Share

Firestorm in France after restaurant refuses service to veiled Muslim women

Spokesman Rupert Colville of the Office of the High Commissioner for Human Rights said the United Nations wants French officials to lift the bans “immediately”, adding that they do not increase security.

Advertisement

Cazeneuve said the aim of the discussions was to forge “an Islam anchored in the values of the French Republic”. He’s also said in his campaign, he hopes to ban headscarves in publicly owned companies and universities and to bring an end to pork-free alternative school meals, which would prevent practicing Muslim children from eating.

The mayor of a seaside town on the French Riviera is sticking by his town’s burkini ban, telling beachgoers, “if you don’t want to live the way we do, don’t come”.

The tensions in France regarding Muslims reached a new high after a restaurant owner in Paris refused to serve two veiled Muslim women and forced them out of the premises on Saturday.

Last week a French high court officially struck down a burkini ban in Villeneuve-Loubet, a Mediterranean beach resort, in effect invalidating others similar, many bans are still being enforced.

Earlier this summer, burkinis were banned from municipal beaches in 15 French towns, including Nice, which suffered a terrorist attack in July that left 84 people dead.

It is thought that around thirty towns have introduced bans on the Islamic swimwear, and a majority of the mayors have not lifted their ban after the Council of State’s judgement. Doing away with foreign financing is tricky because France by law cannot directly fund houses of worship, nor can it provide theology courses for imams.

Local authorities have said the wearing of burkinis threatens public order. The French constitution prohibits religious displays in public institutions.

“What is at stake is very important”, said Abdallah Zekri, who heads the Observatory Against Islamophobia.
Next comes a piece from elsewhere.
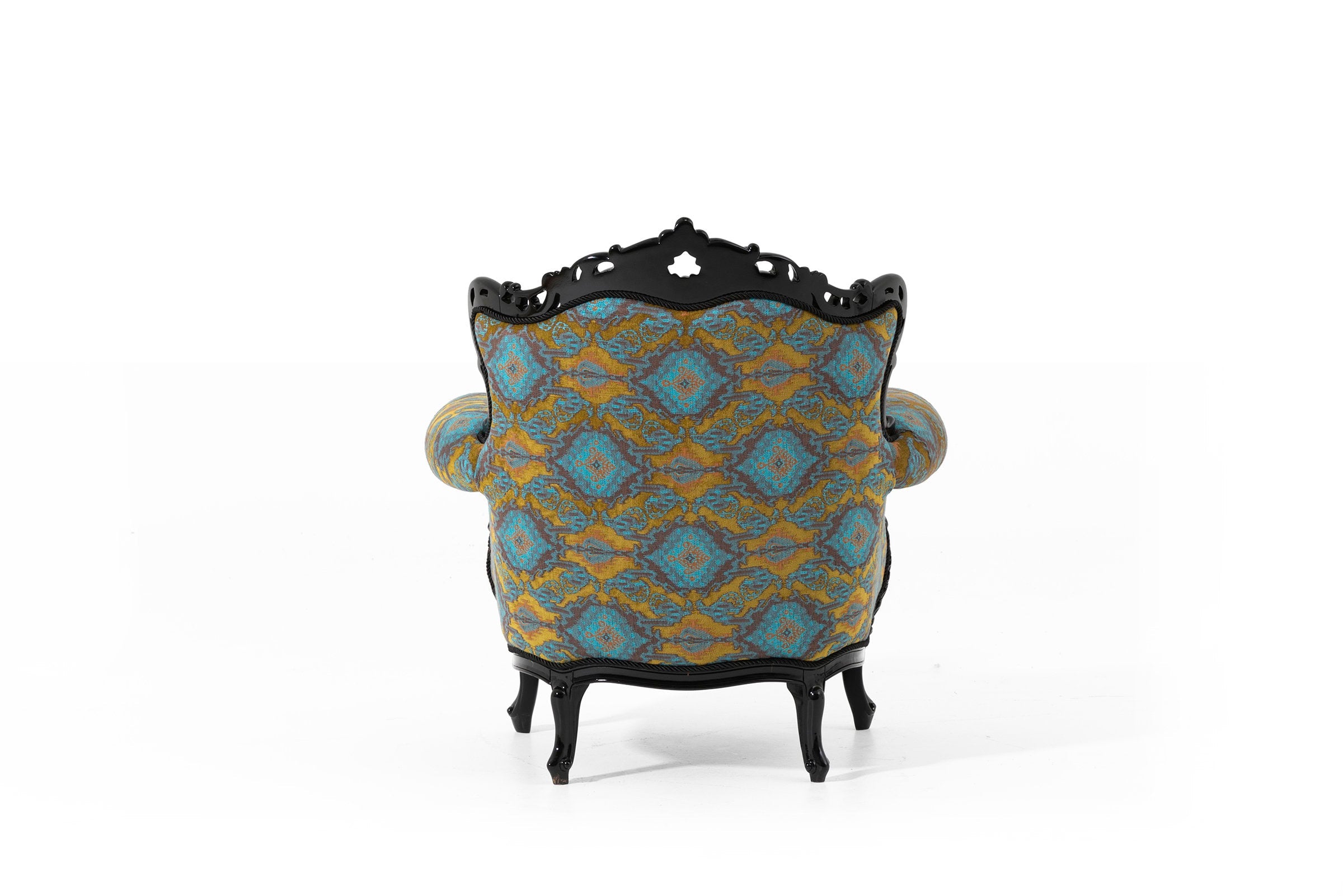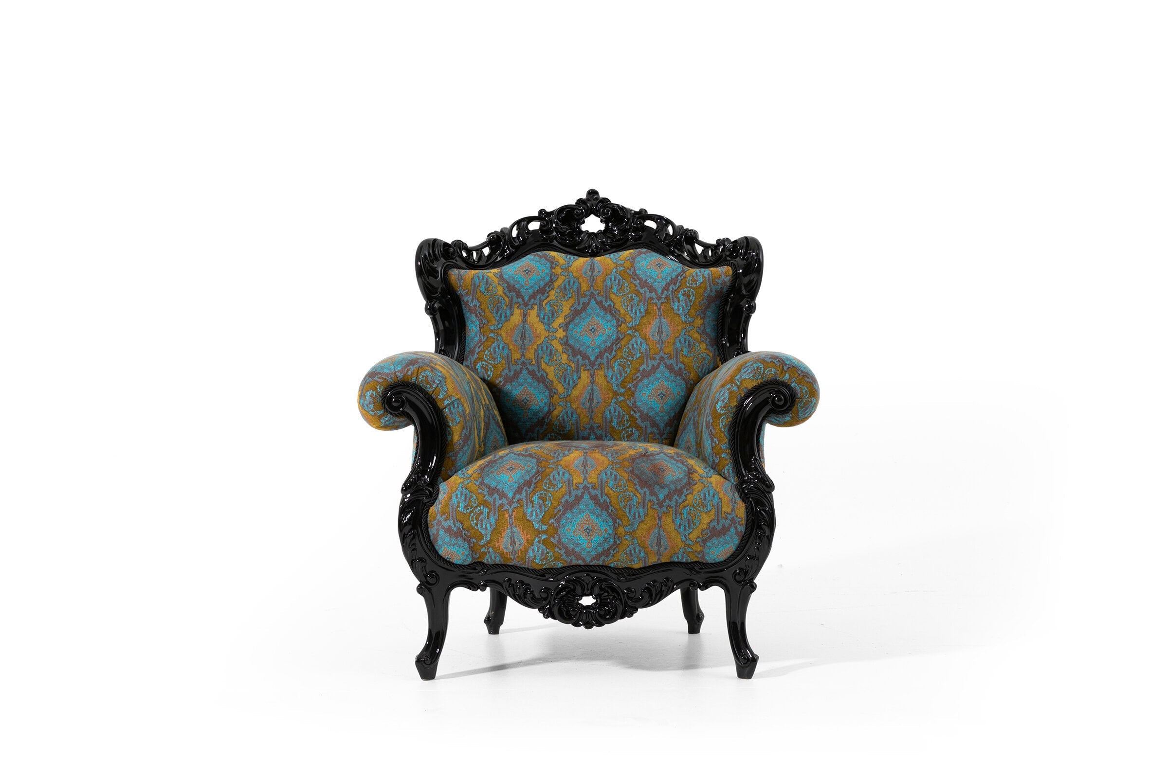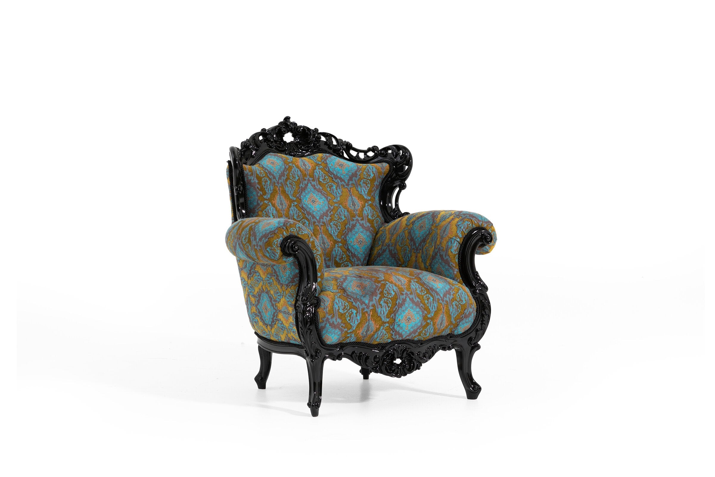 The frame of the armchair is made of polyurethane casting and natural wood materials that prioritise durability and robustness. This combination provides a long-lasting use as well as a timeless look. The specially designed fabric with soft texture and elegant patterns adds a characteristic elegance to Picasso armchair and attracts attention in any environment. This armchair, which will find a place in the centre of your home, is a perfect combination of comfort and elegance.

The issue has become politically charged at the start of party primaries ahead of next year’s presidential election in France, with several leaders on the right and far-right calling for a law prohibiting the full-body swimming costume worn by some Muslim women.

Advertisement

He also contended that humiliating Muslims “has facilitated the work of Daesh (ISIS) recruiters” of vulnerable Muslim youth. Some 20 mosques or prayer rooms considered imbued with radicalism have been closed in recent months.